PHARMA TECH

BeiGene-Novartis PD-1 deal; Sinovac vaccine; Celltrion antibody COVID-19 data

Novartis | January 19, 2021

Novartis plunked down up to $2.2 billion for BeiGene's China-approved PD-1 drug tislelizumab to complement its own checkpoint inhibitor. Hear what BeiGene CEO John Oyler has to say about tislelizumab's position in and outside China. Sinovac's COVID-19 vaccine reported confusing data from Brazil, raising doubt about its true efficacy. Celltron's anti-SARS-CoV-2 antibody improved patients' outcomes in a phase 2/3 trial. And more.

Novartis paid $650 million upfront and committed up to $1.55 billion in milestones to license certain rights to BeiGene’s PD-1 inhibitor tislelizumab in major markets outside China. The Swiss pharma is not abandoning its own checkpoint inhibitor spartalizumab despite a recent phase 3 trial failure; instead, it views the two PD-1s as “complementary.”

BeiGene retains the right to co-market tislelizumab in North America. The Novartis deal gives the Chinese biotech a chance to get help “learning how to commercialize and build some capabilities” beyond China, BeiGene CEO John Oyler said in an interview. He believes the drug could compete in Asian-prevalent cancer types and its value in large indications will show over time.

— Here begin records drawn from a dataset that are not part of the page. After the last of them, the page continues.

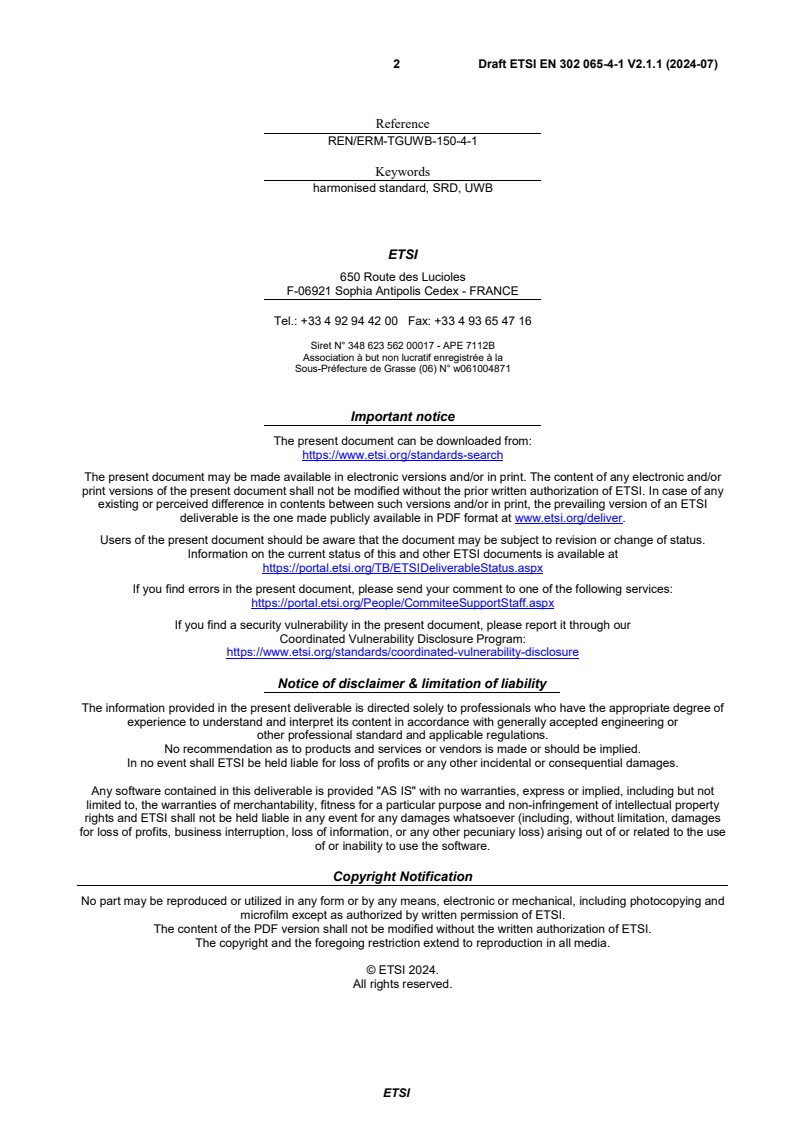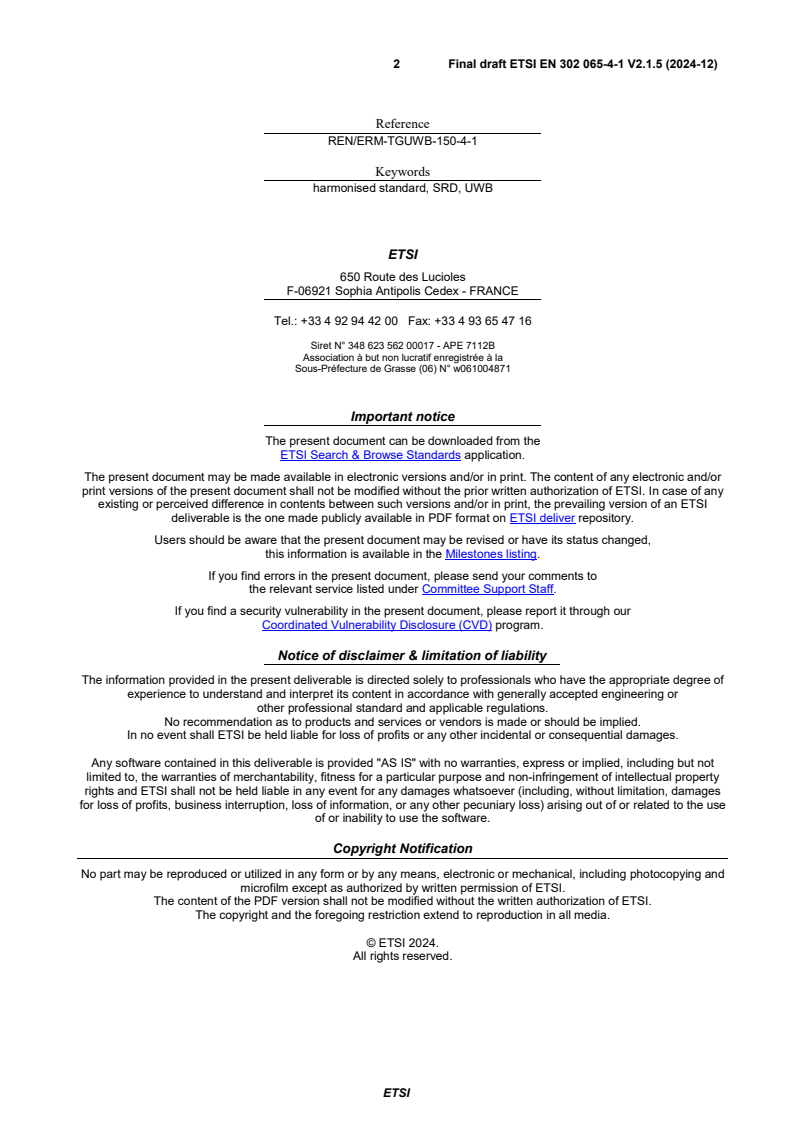 2 Draft ETSI EN 302 065-4-1 V2.1.0 (2021-07)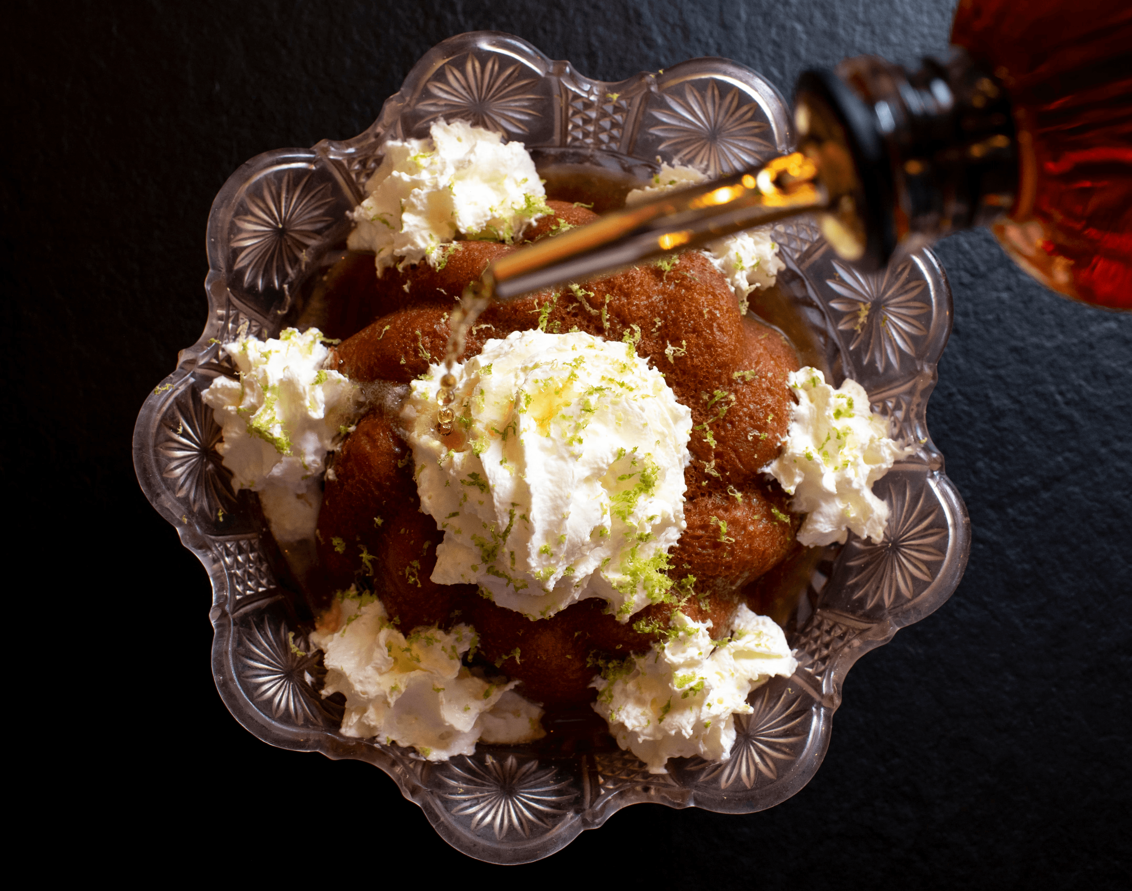 Savarin imbibé d'un sirop au rhum ambré servi avec de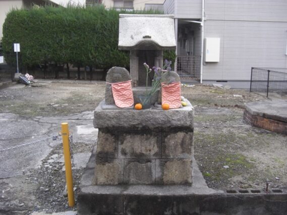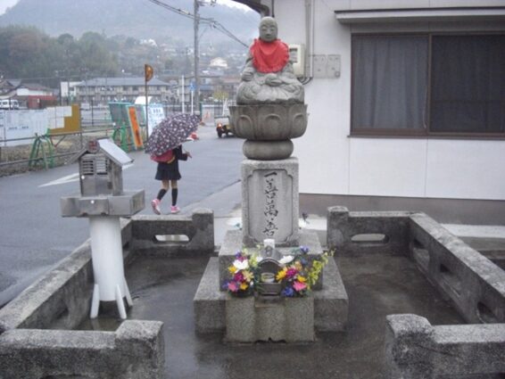亀齢酒造と西条鶴酒造の間を右に入ると お地蔵さんと祠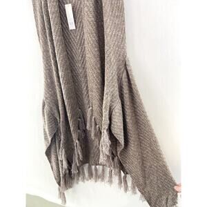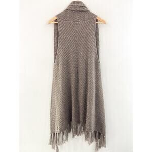 NEW Francesca's Boho Taupe Ribbed Knit Fringe Cardigan Sweater Vest One Size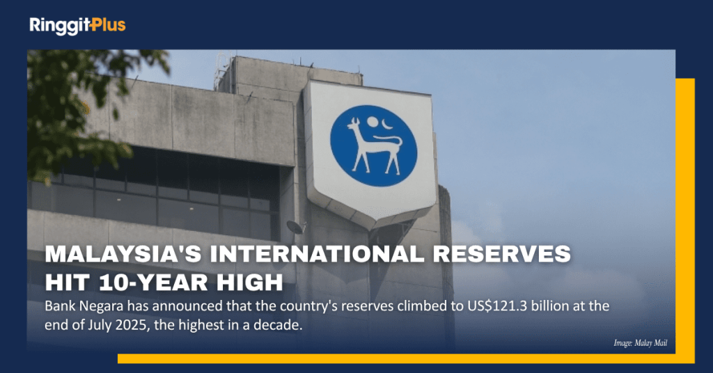 Malaysia’s international reserves climbed to a new 10-year high of US$121.3 billion (about RM546 billion) at the end of July 2025, according to Bank Negara Malaysia (BNM). This represents an increase of US$400 million (about RM1.8 billion) compared with the mid-July position.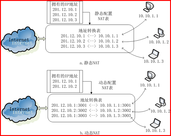 根据NAT工作模式,可分为静态NAT和动态NAT两种。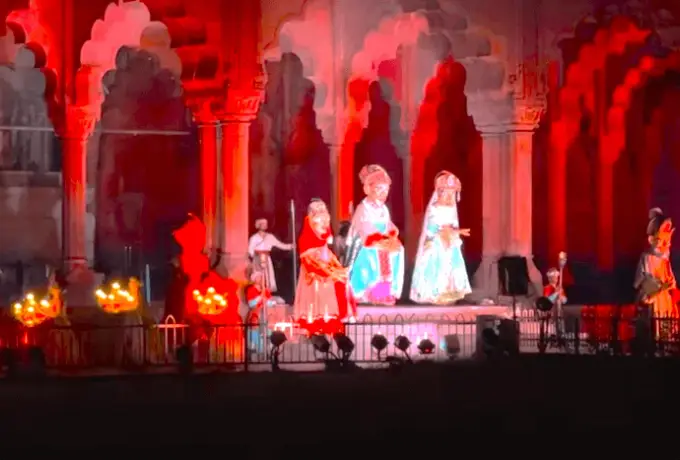 アグラ・フォートで上演される45分間のショー(通常19:30頃開始)、ヒンディー語と英語対応。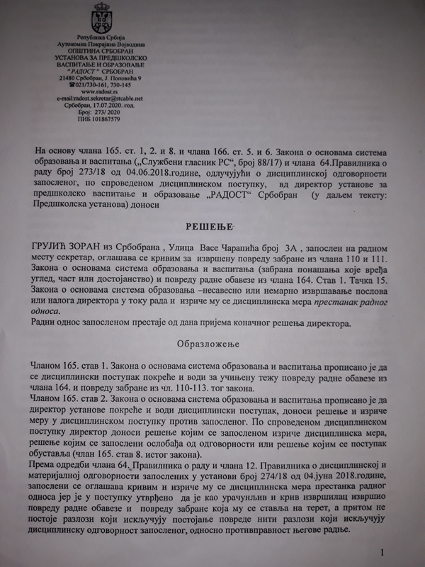 ... da se Grujić uplašio, povukao i učlanio u SNS. Međutim NIJE ! Na poziv gospodina Zorana Grujića imali smo priliku da prisustvujemo raspravi, u svojstvu građanina, na disciplinskom postupku koji se vodio protiv njega. Ovaj disciplinski postupak je samo nastavak priče o kojoj je "Bezcenzure.info" nedavno pisao u tekstovima pod naslovom "Nezakonite radnje u predškolskoj ustanovi" i " Pismo Paroškom - mi nismo vaši". Disciplinski postupak protiv Grujića je zakazala v.d. direktora P.U. "Radost" Srbobran, gospođa Biljana Bajić, a prisutni su još bili pravni zastupnik ove ustanove advokatica Jelena Tijanić, svedoci Todor Šimpraga i vaspitačica Ruža Hromiš, Zoran Grujić kao okrivljeni i njegov pravni zastupnik advokat Danijel Dinčić. Zapisnik sa rasprave je vođen od strane stručnog lica, angažovanog od strane predškolske ustanove. Ova tema ne bi u javnosti podstakla toliko interesovanje da slučaj po našem mišljenju nije isprepleten političkim motivima, nepotizmom, stranačkim zapošljavanjem i antagonizmom unutar kolektiva, u kom bi bar trebalo da se zna da su DECA NA PRVOM MESTU. Postupak je vođen u prostorijama dečijeg vrtića "Radost", 06. jula, sa početkom u 09.30. časova.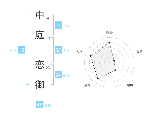 中庭 恋御さんの総格は48画の4点!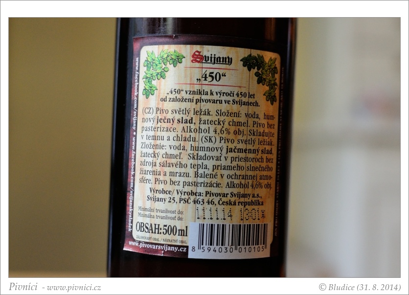 … slupky. Ochutnali jsme i relativně novou 450 z pivovaru Svijany. Je chmelově kořenitá a bylinná, obilně sladová, …
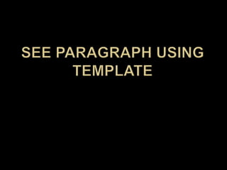 The document discusses the key components of writing a good paragraph that includes a paraphrase. It states that a good paragraph will include an introductory sentence, the paraphrase itself with proper citation, and a sentence commenting on the paraphrase. It provides an example of using these components to write a paragraph with a topic sentence introducing the main idea, evidence from a source in the form of a paraphrase, and an explanation connecting the topic sentence to the paraphrase with analysis and examples. The document emphasizes beginning with a clear main point, including specific evidence from sources, and explaining the relevance and importance of the evidence.

The CEO also believes the PD-1/L1 class has reached a pricing sweet spot in China where additional major price cuts aren’t likely.

Brazilian researchers first said Sinovac’s COVID-19 vaccine, CoronaVac, was 78% effective in a local phase 3 trial. But then, a few days ago, they released new data of just 50.4% efficacy. The gap was caused by the omission of “very mild” infections in the previous data. The misstep led to criticism of the trial organization, Brazil’s Butantan biomedical center, as well as suspicion about CoronaVac’s true efficacy. Turkey just authorized the shot for emergency use based on a reported 91.25% efficacy in an interim analysis of its local trial.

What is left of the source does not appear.